So far, all’s good in fall anime season 2015, especially in comparison to what the summer had: we’ve got second seasons of Noragami (which is a must-watch, by the way), Haikyuu , and Seraph of the End (another good show , if you’ve already seen the first season). As far as more fall anime 2015 goes, we’ve got Young Black Jack, the unbelievably hilarious One Punch Man, the new Lupin series that premiered in Italy, and baffling but promising original sci-fi Concrete Revolutio. Fall anime season 2015 is shaping up nicely.
Today’s review will focus on the first three episodes of Dance With Devils , an original reverse harem anime from Rejet, the creator of Diabolik Lovers, and Brain’s Base Studio, the studio behind Durarara!! , Princess Jellyfish , Spice and Wolf II and Amnesia. The question is simple: should you watch it? The answer’s just as simple: don’t bother. Here’s why.
The main character substitutes a mystic rape whistle for a personality.
At first glance, heroine Ritsuka seems to have some promise. Sure, her personality is pretty basic. She’s a nice, cheerful girl likes sweet cream puffs, herb tea, and hanging out with her friends. But as she says, while she understands that glass slippers and princes are things out of fairy tales, she still wishes for light and pleasant romance. This is a level of worldly understanding that seems basic but is often missing from the vapid and doll-like stand-in protagonists of this genre.
However, at the very beginning of the show, we see Ritsuka’s mother place a satchel inside a locket her daughter is wearing. This satchel-locket stands in for every moment of strong-willedness and stubbornness Ritsuka might otherwise have. The vampire or demon or whatever-they-are boys on student council can’t get too close to her; the power of her mother’s protective locket repels them.
I can’t express how annoying a plot device I find this stupid locket. Take the locket off so we can see Ritsuka stand on her own two feet and resist all this gothic devilry with her own force of personality. There’s glimmers of interest in her character, but not nearly enough.
Dance With Devils just doesn’t go far enough with the only thing that differentiates it: the music.
Every once in a blue moon, the characters burst into song. It’s so weird it makes me giggle whenever they do it, but it’s also strangely charming and one of the few things that makes Dance With Devils stand out from any other standard, gothic-themed reverse harem full of abominable abusive boys.
The songs feel straight out of a Takarazuka review, and the singers can actually sing, so while the song transitions are jarring to the point of amusement, the musical interludes aren’t bad. In fact, they go above tolerable to become rather enjoyable: they embrace all the campiness inherent in a musical gothic-lolita reverse harem show.
But they don’t last and there aren’t enough of them, despite how effectively the songs work to introduce the 2D characters and convey motivation. Ritsuka’s little jingle is a perfectly acceptable “I want” song, and as character intros go, the boys prancing around the third library singing about enchanting little butterflies and checkmates tells us all we need to know (leader type, psycho type, rose type, buff type: done).
They needed more of the music. Without it….
It’s just so, so derivative.
Without more music, Dance With Devils is generic. Its animation quality is middling to poor, with characters drawn beautifully on-model most of the time only to stutter ungracefully into motion, so there’s nothing to write home about on the animation front.

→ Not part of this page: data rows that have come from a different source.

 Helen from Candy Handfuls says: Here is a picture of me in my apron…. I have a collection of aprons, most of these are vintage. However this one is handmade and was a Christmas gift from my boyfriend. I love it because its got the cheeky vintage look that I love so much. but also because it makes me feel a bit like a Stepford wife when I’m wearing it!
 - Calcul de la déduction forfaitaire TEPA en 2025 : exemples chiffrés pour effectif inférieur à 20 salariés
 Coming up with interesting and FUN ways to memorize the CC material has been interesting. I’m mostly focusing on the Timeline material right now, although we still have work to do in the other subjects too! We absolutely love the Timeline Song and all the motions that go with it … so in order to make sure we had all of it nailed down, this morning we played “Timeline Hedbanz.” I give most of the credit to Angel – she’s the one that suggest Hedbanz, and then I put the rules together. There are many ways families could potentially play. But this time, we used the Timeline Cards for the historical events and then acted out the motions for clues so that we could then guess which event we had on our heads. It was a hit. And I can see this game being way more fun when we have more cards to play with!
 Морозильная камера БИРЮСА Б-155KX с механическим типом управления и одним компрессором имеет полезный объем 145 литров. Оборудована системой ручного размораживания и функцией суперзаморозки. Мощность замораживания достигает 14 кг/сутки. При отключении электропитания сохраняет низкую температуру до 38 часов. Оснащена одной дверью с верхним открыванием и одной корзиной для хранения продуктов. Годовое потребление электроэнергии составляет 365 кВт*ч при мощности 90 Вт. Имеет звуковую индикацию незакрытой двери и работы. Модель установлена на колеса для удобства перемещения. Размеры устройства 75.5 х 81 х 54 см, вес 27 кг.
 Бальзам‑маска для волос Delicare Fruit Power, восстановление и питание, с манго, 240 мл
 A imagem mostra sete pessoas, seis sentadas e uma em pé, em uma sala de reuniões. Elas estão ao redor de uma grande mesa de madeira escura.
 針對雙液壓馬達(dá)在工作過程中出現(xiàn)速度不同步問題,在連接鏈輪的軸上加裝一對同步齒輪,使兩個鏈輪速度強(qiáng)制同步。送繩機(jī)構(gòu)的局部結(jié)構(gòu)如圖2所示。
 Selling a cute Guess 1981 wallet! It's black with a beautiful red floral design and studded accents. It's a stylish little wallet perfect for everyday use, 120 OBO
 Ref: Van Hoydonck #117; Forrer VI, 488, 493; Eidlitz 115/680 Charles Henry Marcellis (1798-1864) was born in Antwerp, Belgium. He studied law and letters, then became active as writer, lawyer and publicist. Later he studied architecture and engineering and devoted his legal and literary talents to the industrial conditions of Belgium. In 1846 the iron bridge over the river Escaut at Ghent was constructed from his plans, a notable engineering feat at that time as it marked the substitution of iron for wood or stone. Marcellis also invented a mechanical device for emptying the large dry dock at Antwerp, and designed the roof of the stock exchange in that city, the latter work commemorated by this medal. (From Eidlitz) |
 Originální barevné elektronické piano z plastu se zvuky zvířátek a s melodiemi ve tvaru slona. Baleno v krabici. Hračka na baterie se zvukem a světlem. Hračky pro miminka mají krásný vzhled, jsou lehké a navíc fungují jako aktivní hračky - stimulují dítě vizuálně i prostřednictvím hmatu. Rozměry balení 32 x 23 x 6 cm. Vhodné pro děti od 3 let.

The characters are reverse-harem trope cut-outs: basic heroine, over-protective big brother, mysterious student council leader, flower-wielding silver-tongued charmer, buff ‘n rough sportsy type. The only one who slightly deviates from the norm is the twitchy psychotic one, who reminds me of nothing less than Danganronpa ’s Genocide Jack/Toko Fukawa, but even then we’ve seen his type before.
The gothic-lolita flourishes, all those Angelic Pretty bells and whistles? Black Butler did it better. Sometimes you want solid genre fare, but even then, you still want an example of the genre that feels meaty. But with its forgettable and barely-comprehensible plot about a forbidden grimoire, Dance With Devils feels like it was patched together at the last second through use of TV Tropes’ random page function.
In short: should you watch Dance With Devils?
No. If you want a gothic-style anime, watch Black Butler ; if you want a solid reverse harem, watch Yona of the Dawn ; if you want fantasy and romance, watch Snow White With the Red Hair . There are so many better options for anything you could possibly want from this show.
Dance With Devils can be watched streaming on Funimation’s site here , with new simulcast episodes airing every Wednesday at 12 PM EST.